Wednesday, February 5, 2014

Treatment's Not Always for Addicts


There are many issues that have been swept under the rug for the past few years, many issues that need to be addressed, many that I need to have completely control over before I leave for college. (And that day is creeping up on me soon!) I have all these great resources to get the help I need here, and I should be taking advantage of those, right? After my hospitalization for a suicide scare in late 2012, I was thrown right back into the hectic world of stress and commitments that made up my junior year of high school. I stopped treatment for an eating disorder out of financial concern; when in reality, I still needed help. Part of me believes I need more help now than I did back then. So, for months, I have been debating whether to finish my senior year strong, or to take some time off and really work on getting better. 


Image source: www.gotceleb.com
When Selena Gomez, 21, recently released news that she spent time at Meadows, a rehab center in Arizona, I was quick to assume her story involved a hidden eating disorder, a dark depression, or an unmanageable addiction of some sort. When in reality, Selena just needed time to herself. Her brave acceptance of that, and even braver decision to seek help, is inspiring. In her own kind words, "It has become clear to me and those close to me that after many years of putting my work first, I need to spend some time on myself in order to be the best person I can be." Selena simply recognized she was struggling and needed to get away. And that's admiring. Especially when she returned from treatment and uploaded an Instagram photo with the caption, "I'm the happiest I've been in a while. So blessed and thankful for the future." Because it sparks hope. 

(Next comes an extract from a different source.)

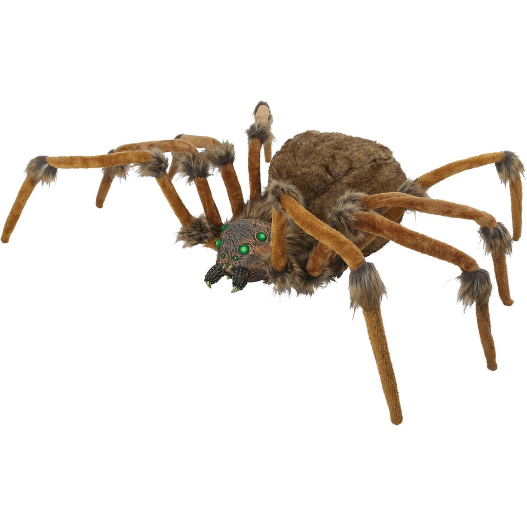 This Spider will make you scream! Features a big round furry body with green light-up eyes long legs with fur tufts
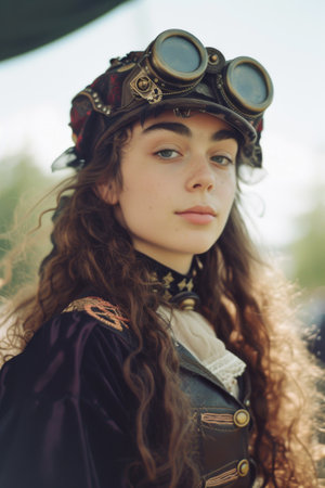 Close-up portrait of a beautiful steampunk woman. Retro style.

So here I am, beyond recognition that I, too, have issues to work on and tackle. Should I follow in the footsteps of Selena and make sure I'm okay before I take a huge step in my life and leave for college this summer? Or, do I continue putting school and work first, believing that one day it'll all just go away and I'll be able to live my life freely? Of course, there are both pros and cons to each option, and I'm just not sure which cons are worth enduring. But learning that Selena checked herself into treatment--for issues that others could easily overlook--has really pushed me to think hard about this and make a final decision soon. 

Tuesday, February 4, 2014

What I Wish Someone Had Told Me

Always carry a spare.
Read the tags on nice clothes before washing.
Eat a good breakfast every morning.
Milk goes bad left out.
You can’t change the way boys act.
Microwaving leftovers leads to soggy results.
Vaseline will make it better.
Less is always more.
It’s okay to say no.

You are the most important person in your world.
Your body’s not going to look like this forever,
Take care of it.
Never trust a boy with a condom in his wallet on the first date.
Bread needs time to rise.
We are not mind readers;
Tell us what you’re thinking.
Read the newspaper often.
Ask questions, a lot of questions.
It’s okay to say no.

Addictions are addictive—really.
Push your limits, but set boundaries.
Accept change as it comes,
And embrace change as it goes.
If it doesn’t taste good, just add salt.
You don’t have to live like this.
Bellybutton piercings are a bad idea.
Rain will make the flowers grow.
Let the dead be dead.
It’s okay to say no.

If you never ask, the answer will always be no.
Scholarships are always available.
People change.
Don’t be careless; just care less.
It’s okay to not be okay.
Remember to take care of yourself often.
Your body wants you alive even when you don’t want to be.
It’s okay to cry; breathe and count to ten.
Put your hand on your heart; you feel that? It’s beating.
{MS}

I took an English course last semester, where our teacher had us read the short story/poem "Girl" by Jamaica Kincaid. We were supposed to be inspired to write our own "Girl," or a list of all the things our mother, father, coach, aunt, etc. tells us. However, when I sat down to write about all the things my mother told me, I realized her words have done nothing but destroy me. Her words... they were corrupt and cold. And it hurt to think about them because it brought too many memories back. So, I took this assignment one step further and also wrote a "Girl" piece about all the things I needed someone to tell me. All the things I need to be telling myself.